(YOUR OBJECTIVE): In the data below, locate the line containing "CD B23 High-Top" and the line containing "Number of independent", then retype both and everything between them exactly. Pictures are not part of the copy.

(RECORDS FOR PROCESSING):
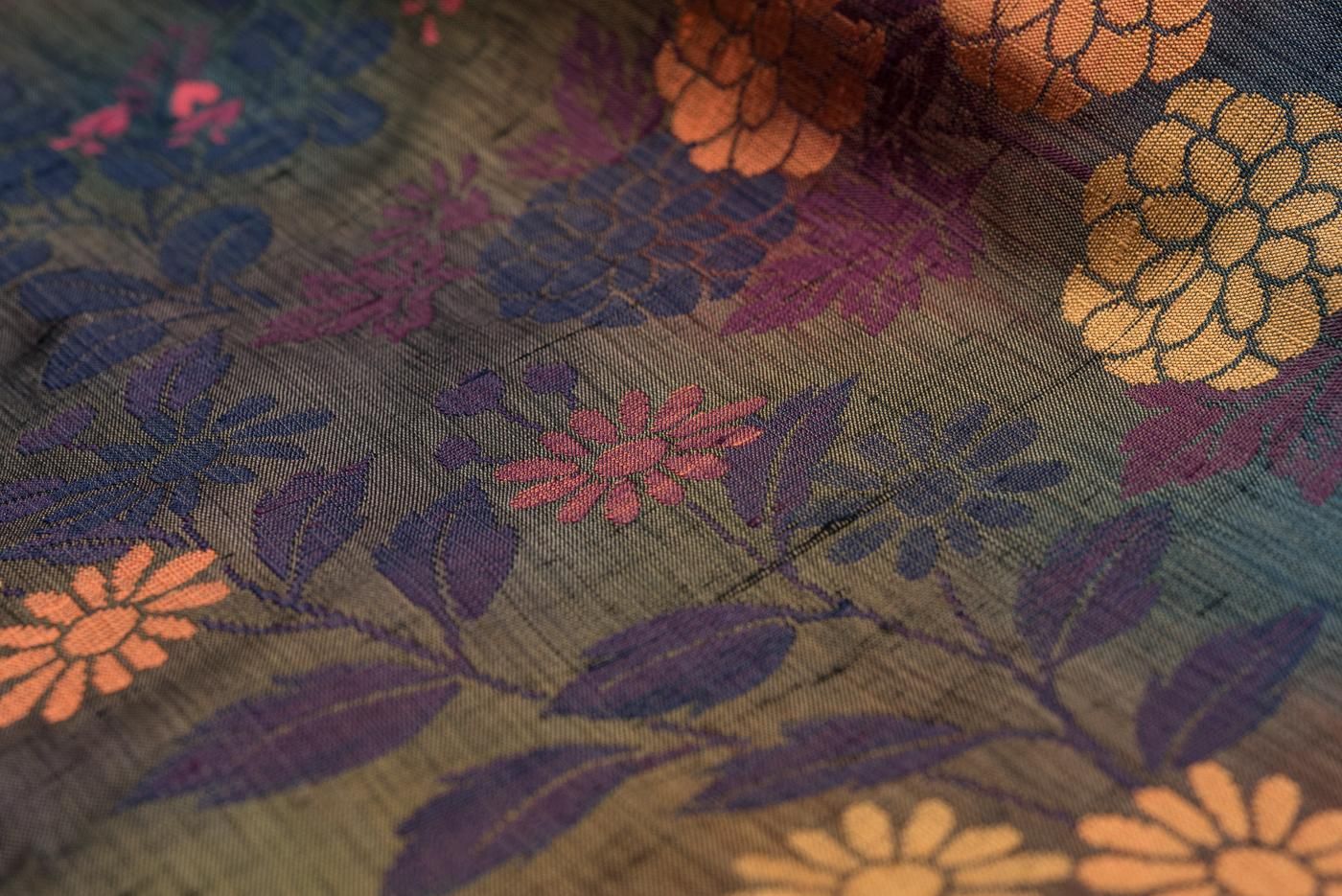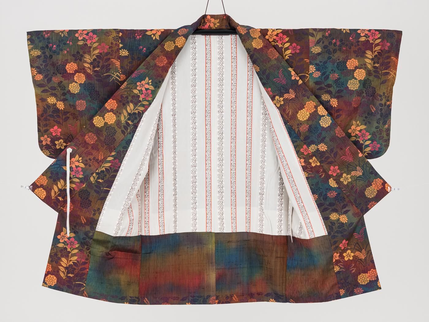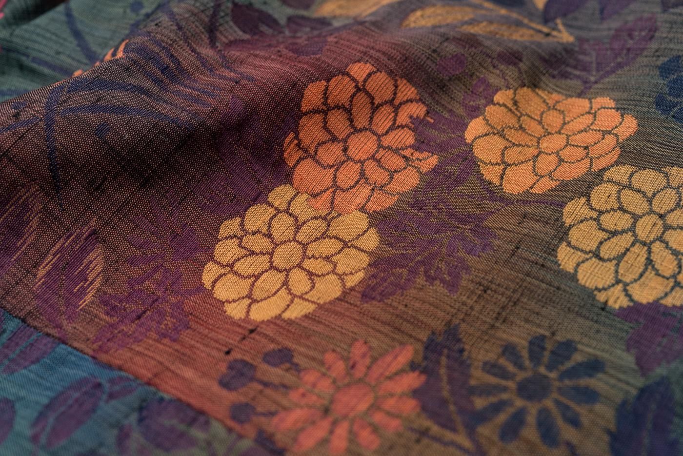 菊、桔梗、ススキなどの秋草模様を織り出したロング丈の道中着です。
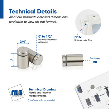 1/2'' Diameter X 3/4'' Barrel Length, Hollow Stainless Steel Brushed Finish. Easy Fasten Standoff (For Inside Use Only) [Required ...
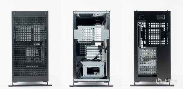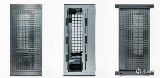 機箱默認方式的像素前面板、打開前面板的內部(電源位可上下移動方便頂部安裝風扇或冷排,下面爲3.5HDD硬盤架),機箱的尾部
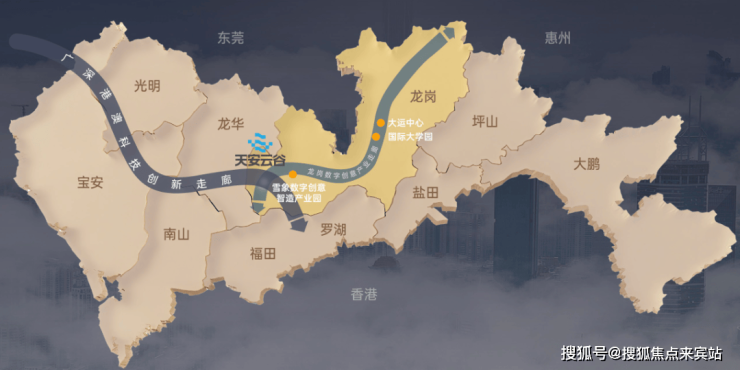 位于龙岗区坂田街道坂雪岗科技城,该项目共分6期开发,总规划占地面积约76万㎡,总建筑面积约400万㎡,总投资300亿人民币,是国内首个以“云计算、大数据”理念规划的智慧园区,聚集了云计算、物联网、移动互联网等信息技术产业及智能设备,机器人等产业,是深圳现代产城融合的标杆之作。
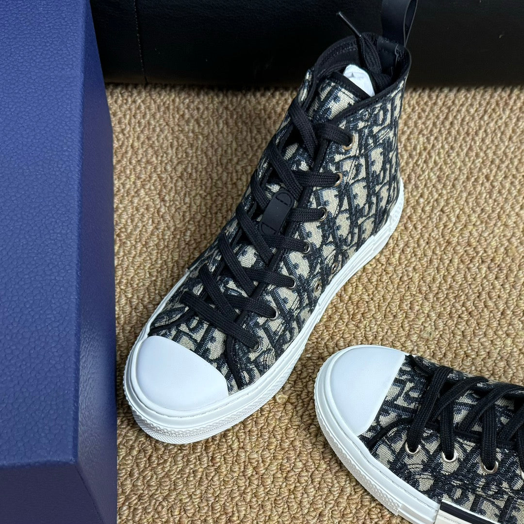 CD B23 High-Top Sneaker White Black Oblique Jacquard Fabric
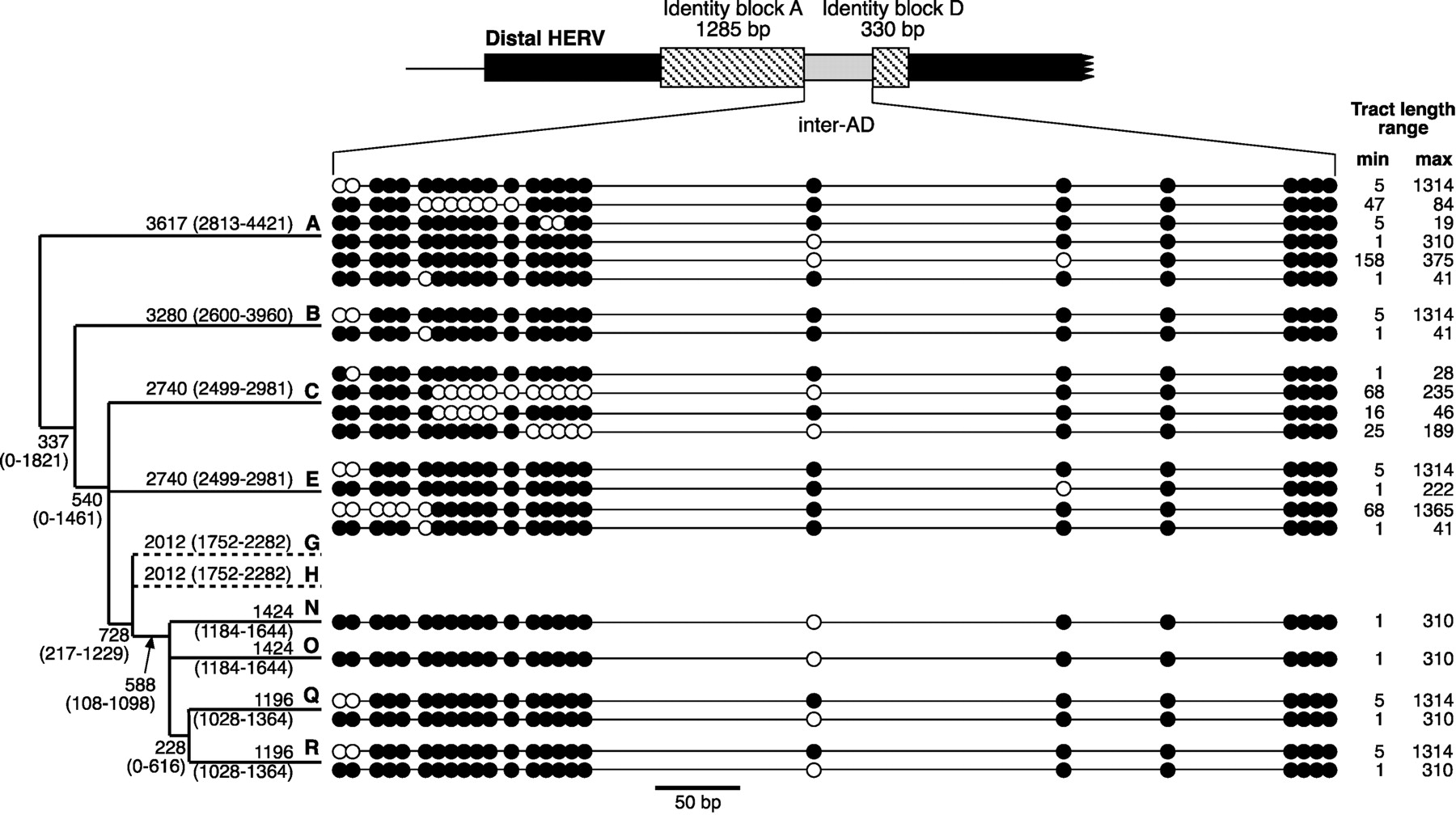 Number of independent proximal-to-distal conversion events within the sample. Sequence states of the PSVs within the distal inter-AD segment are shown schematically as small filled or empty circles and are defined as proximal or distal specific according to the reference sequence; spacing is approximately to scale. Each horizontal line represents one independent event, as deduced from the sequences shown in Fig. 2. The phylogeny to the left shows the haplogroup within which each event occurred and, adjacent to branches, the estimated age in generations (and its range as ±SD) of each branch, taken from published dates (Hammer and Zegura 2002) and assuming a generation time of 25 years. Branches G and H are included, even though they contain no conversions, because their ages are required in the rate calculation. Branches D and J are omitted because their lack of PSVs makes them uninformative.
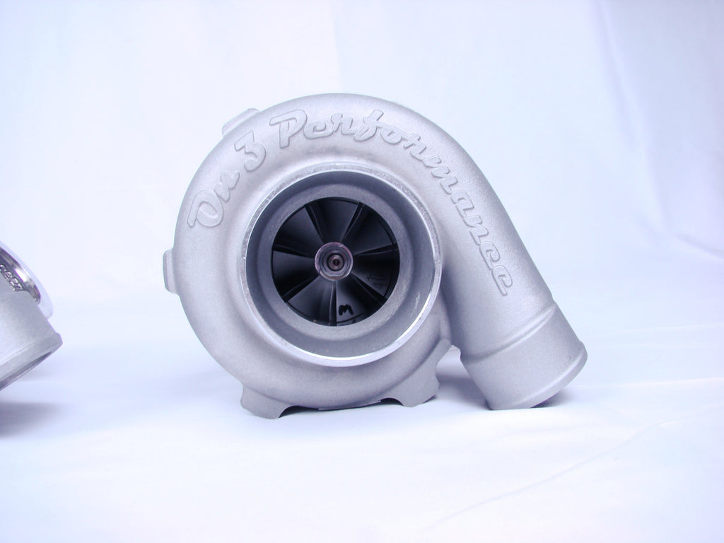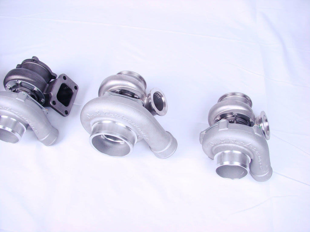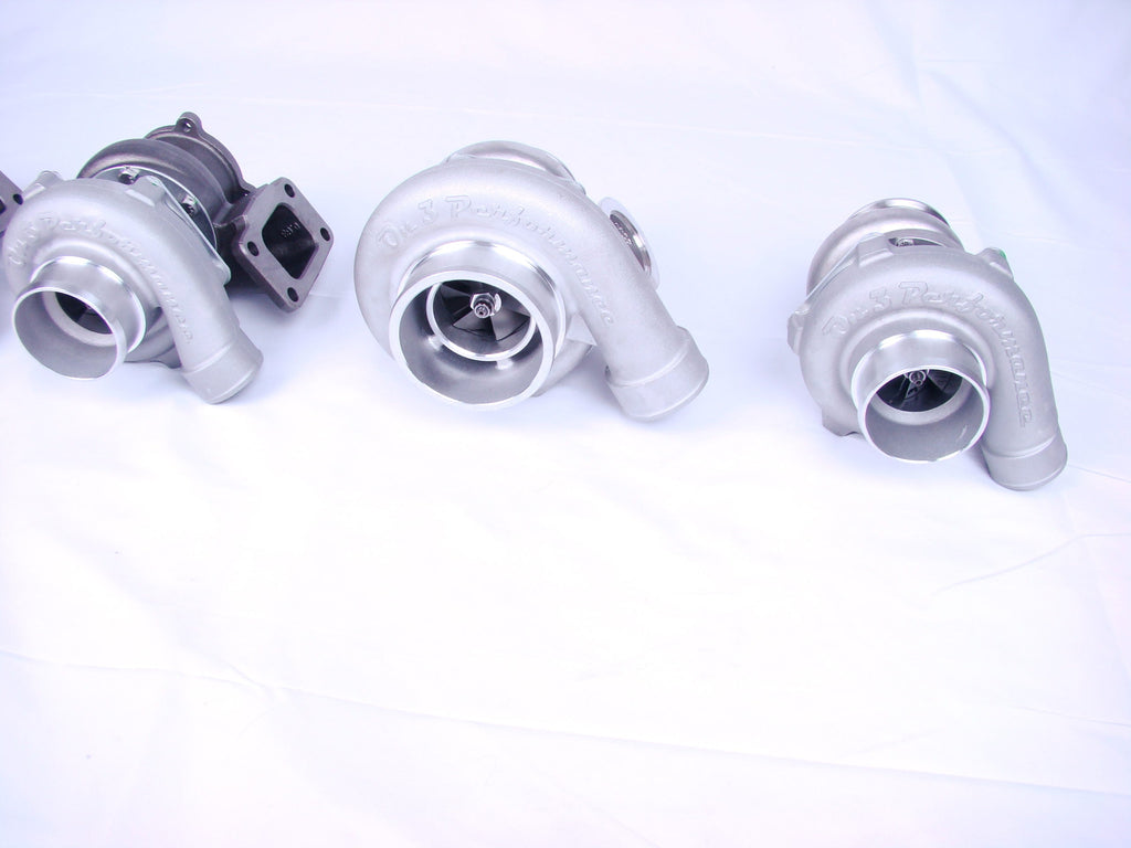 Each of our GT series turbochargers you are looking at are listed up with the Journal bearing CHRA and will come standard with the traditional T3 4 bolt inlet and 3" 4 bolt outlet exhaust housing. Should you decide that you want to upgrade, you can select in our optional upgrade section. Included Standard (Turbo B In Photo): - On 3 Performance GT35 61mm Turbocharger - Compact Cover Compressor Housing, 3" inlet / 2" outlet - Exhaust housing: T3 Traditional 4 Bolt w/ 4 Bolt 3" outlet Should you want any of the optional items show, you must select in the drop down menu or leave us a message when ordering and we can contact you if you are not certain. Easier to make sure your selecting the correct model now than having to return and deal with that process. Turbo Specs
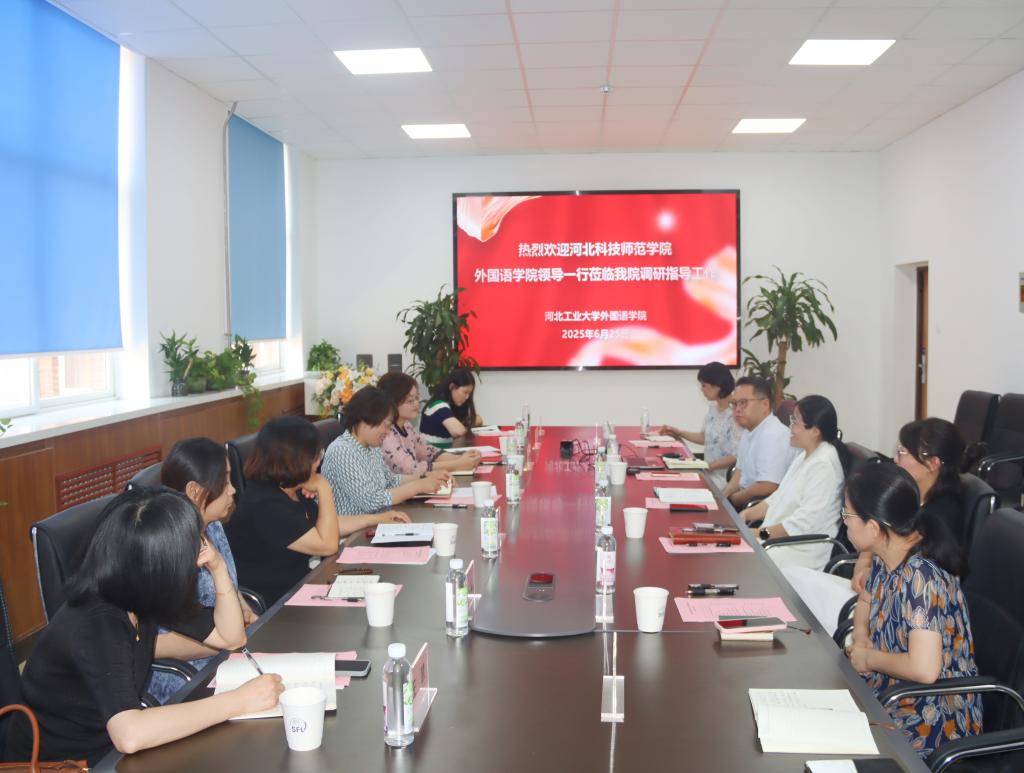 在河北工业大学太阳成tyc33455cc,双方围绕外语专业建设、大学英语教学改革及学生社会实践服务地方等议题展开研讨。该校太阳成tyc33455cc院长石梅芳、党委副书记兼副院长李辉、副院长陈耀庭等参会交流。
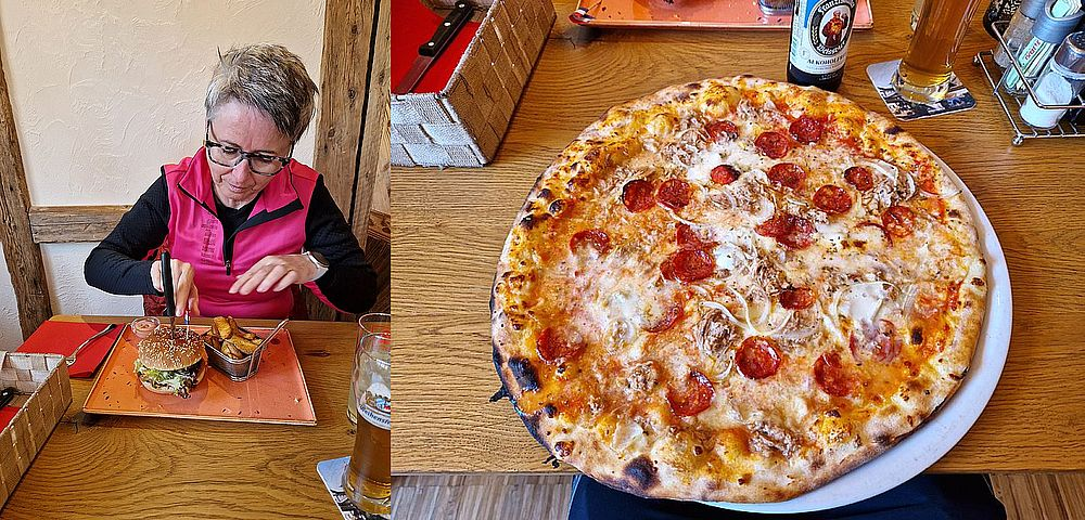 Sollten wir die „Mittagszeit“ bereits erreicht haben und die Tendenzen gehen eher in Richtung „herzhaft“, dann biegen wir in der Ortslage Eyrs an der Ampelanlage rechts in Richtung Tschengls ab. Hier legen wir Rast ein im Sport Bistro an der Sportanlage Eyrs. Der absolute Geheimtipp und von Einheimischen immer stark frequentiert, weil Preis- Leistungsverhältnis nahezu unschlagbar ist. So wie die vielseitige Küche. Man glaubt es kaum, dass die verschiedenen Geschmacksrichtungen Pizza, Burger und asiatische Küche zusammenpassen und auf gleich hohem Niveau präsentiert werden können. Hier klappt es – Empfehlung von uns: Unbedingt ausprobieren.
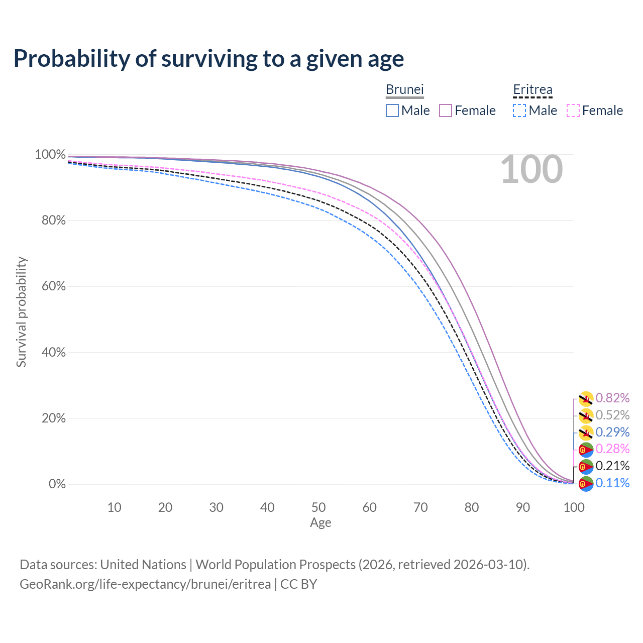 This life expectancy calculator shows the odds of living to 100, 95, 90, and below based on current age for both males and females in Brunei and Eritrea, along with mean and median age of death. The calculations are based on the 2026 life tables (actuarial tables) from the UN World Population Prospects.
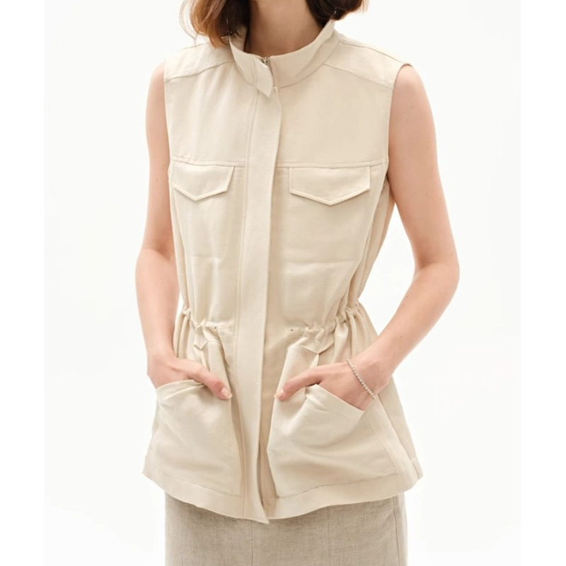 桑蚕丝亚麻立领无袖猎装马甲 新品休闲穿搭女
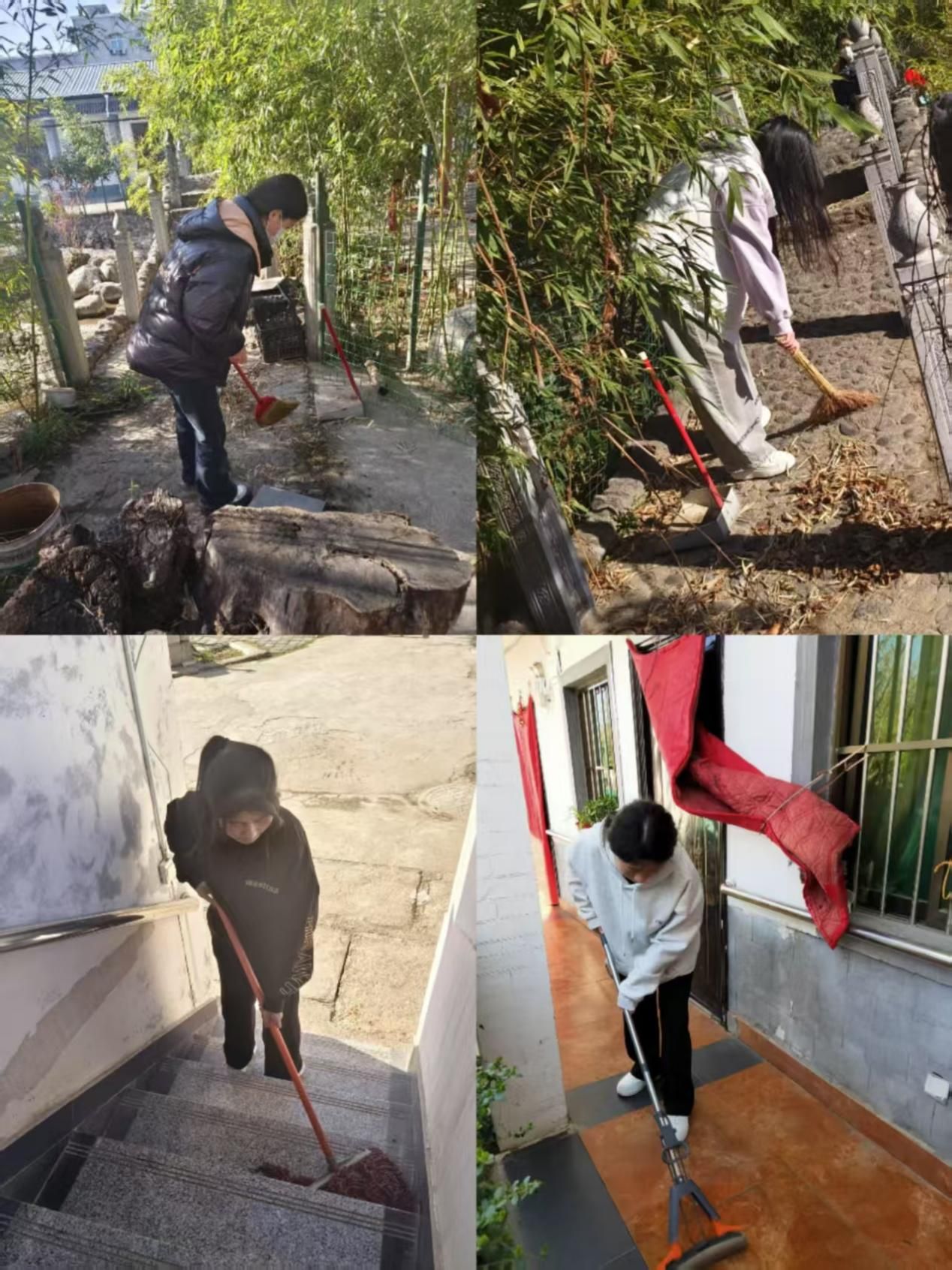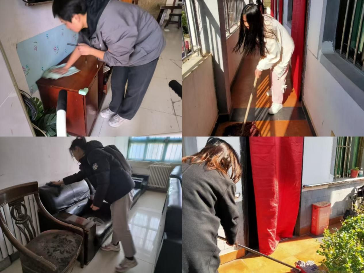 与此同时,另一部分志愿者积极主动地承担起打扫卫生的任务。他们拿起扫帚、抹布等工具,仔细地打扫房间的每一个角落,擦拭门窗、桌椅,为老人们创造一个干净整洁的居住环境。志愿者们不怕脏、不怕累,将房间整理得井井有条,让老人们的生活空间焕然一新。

(RESPONSE):
 CD B23 High-Top Sneaker White Black Oblique Jacquard Fabric
 Number of independent proximal-to-distal conversion events within the sample. Sequence states of the PSVs within the distal inter-AD segment are shown schematically as small filled or empty circles and are defined as proximal or distal specific according to the reference sequence; spacing is approximately to scale. Each horizontal line represents one independent event, as deduced from the sequences shown in Fig. 2. The phylogeny to the left shows the haplogroup within which each event occurred and, adjacent to branches, the estimated age in generations (and its range as ±SD) of each branch, taken from published dates (Hammer and Zegura 2002) and assuming a generation time of 25 years. Branches G and H are included, even though they contain no conversions, because their ages are required in the rate calculation. Branches D and J are omitted because their lack of PSVs makes them uninformative.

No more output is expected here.